La voz le salió temblorosa, pero eso estaba bien. Temblar era una reacción natural.
– Lo siento, señorita. Nos informaron de que un fugitivo podría haberse refugiado aquí.
– ¿Un fugitivo? -repitió ella antes de fruncir el ceño-. ¿Me está diciendo que han hecho esto ustedes?
Entonces habló el oficial mayor:
– Soy el sargento Willis, señorita. Y éste es el oficial Martin.
– Nos conocimos anoche.
– Sí, bueno, ¿podríamos entrar todos? Tengo un par de preguntas que hacerle, pero no tardaremos mucho. Pete, trae las compras de la señorita. Supongo que también querrá una taza de té.
– No es necesario. ¿Quién va a pagar estos destrozos?
El sargento no parecía intimidado, sino que señaló la puerta trasera y Dora entró con rigidez en el salón antes de volverse a él.
– Me gustaría que me dieran alguna explicación.

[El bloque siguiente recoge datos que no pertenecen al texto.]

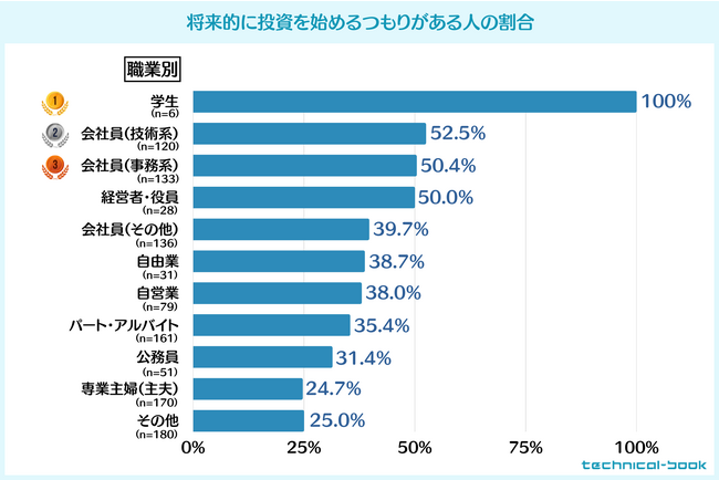 将来的に投資する意思がある人の割合を職業別に集計してみると、1位は「学生」の100%、2位は「会社員(技術系)」の52.5%、3位は「会社員(事務系)」の50.4%となりました。「学生」はサンプル数が6と少ないことも考慮する必要がありますが、非常に高い値が出ています。

– El asunto es, señorita que como parte de la investigación de otro incidente, hemos tenido que investigar todas las alarmas que saltaron anoche sin explicación.
– ¿Y?
– Descubrimos por la empresa de seguridad Marriott que los señores Marriott están de viaje en Estados Unidos. Y la señora que limpia la casa nos dijo que estarían fuera seis semanas. Y usted le hizo creer anoche al oficial Martin que era la señora Marriott, lo que no es el caso -estaba siendo increíblemente educado, pero Dora sabía que esperaba respuestas convincentes-. Así que, quizá señorita, pueda empezar por explicarnos quién es usted y cómo tiene las llaves de esta casa.